**Task goal**
I'd like the data beneath this line reproduced exactly, without any of its images.

**Recorded data**
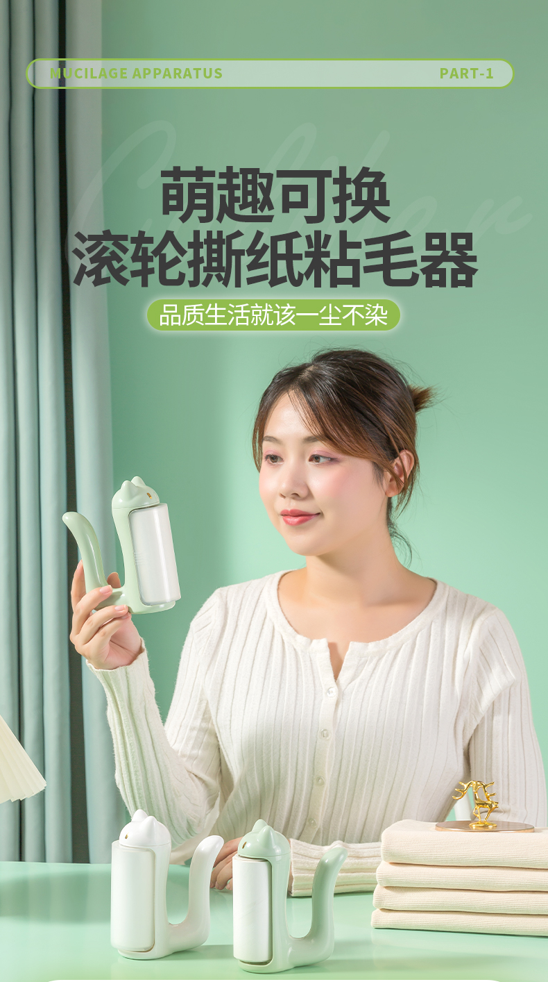 绿色猫咪款-1手柄+5卷纸(共300撕)
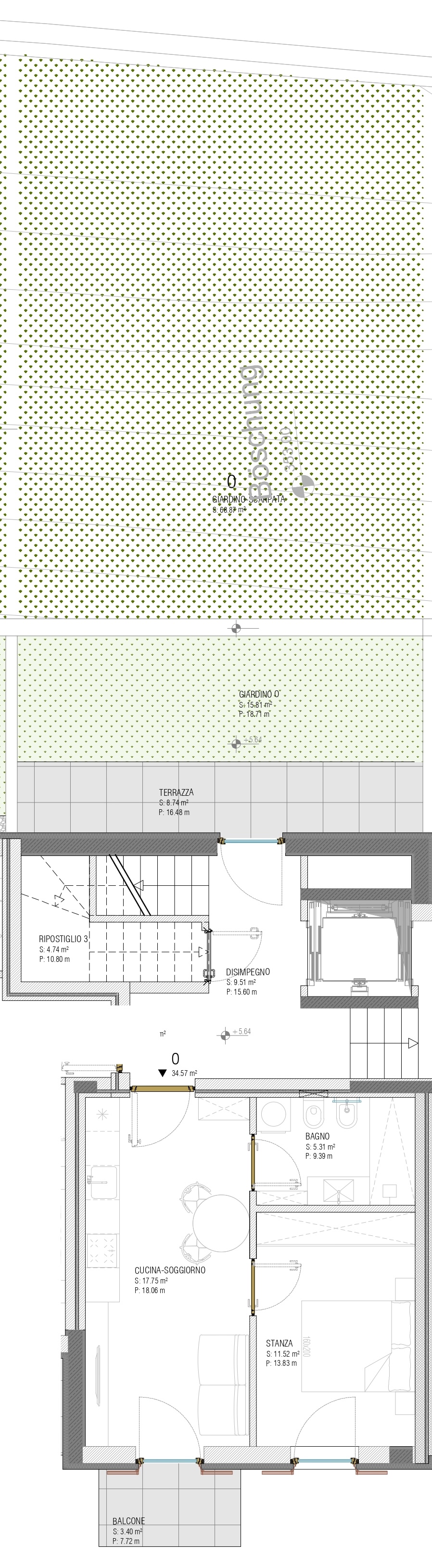 Interne Einteilung: Eingang, Wohnraum mit Küche, Schlafzimmer, Badezimmer, Balkon und Privatgarten.
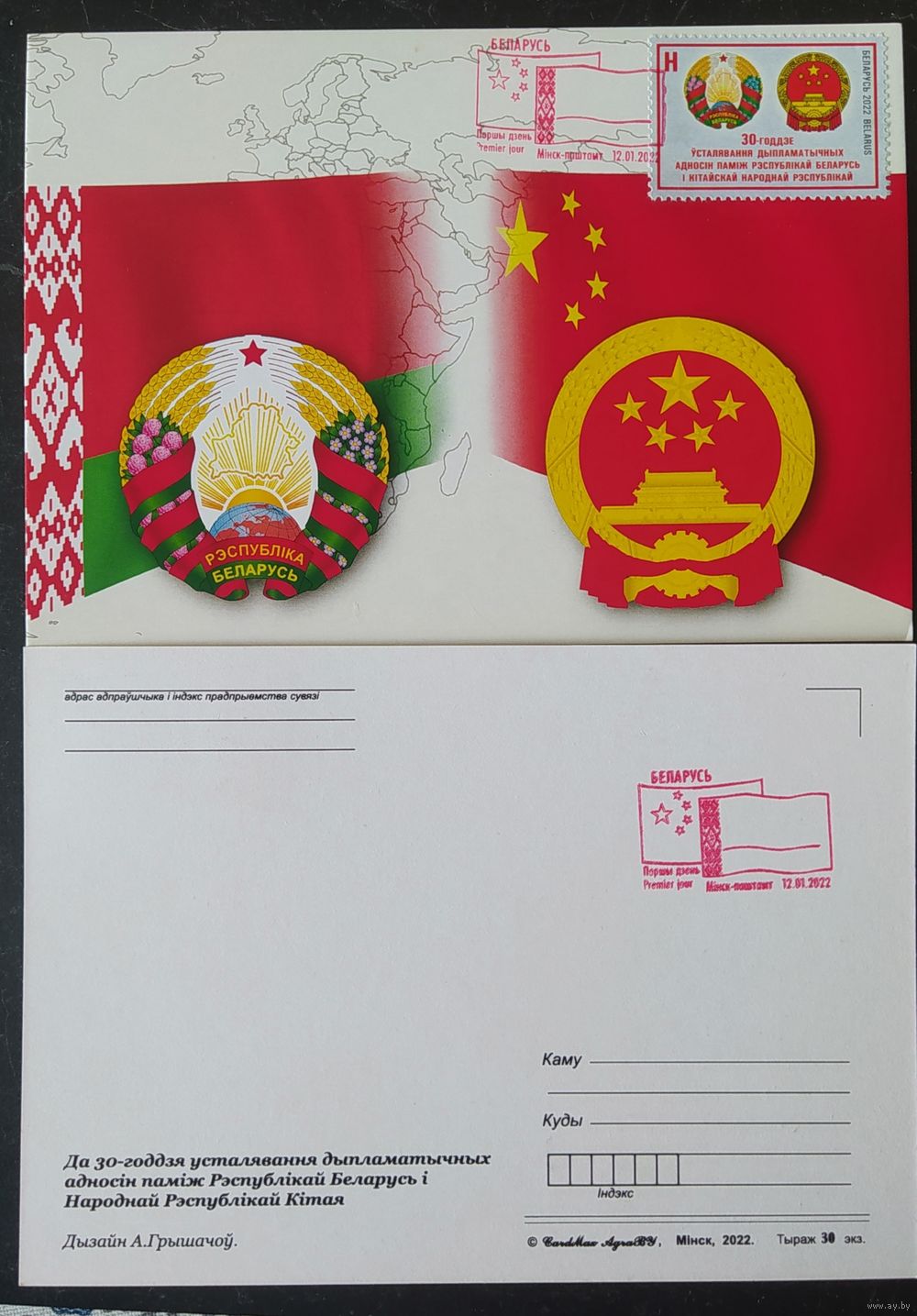 Беларусь 2022 КМ 30л дып.отноений, тираж 30 экз.
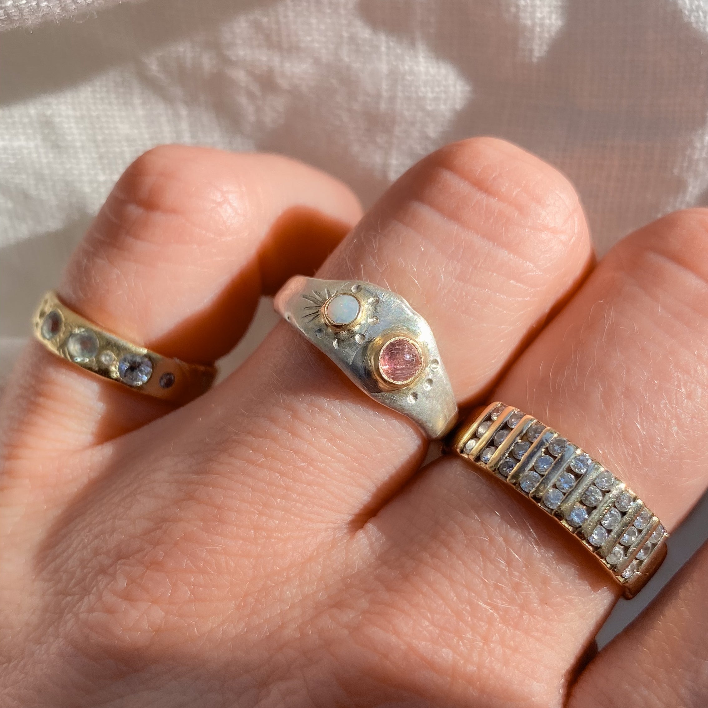 A funky, asymmetrical take on the classic signet. Customized to your preference with any metal or gemstones of your choice.

**Output of the exercise**
 绿色猫咪款-1手柄+5卷纸(共300撕)
 Interne Einteilung: Eingang, Wohnraum mit Küche, Schlafzimmer, Badezimmer, Balkon und Privatgarten.
 Беларусь 2022 КМ 30л дып.отноений, тираж 30 экз.
 A funky, asymmetrical take on the classic signet. Customized to your preference with any metal or gemstones of your choice.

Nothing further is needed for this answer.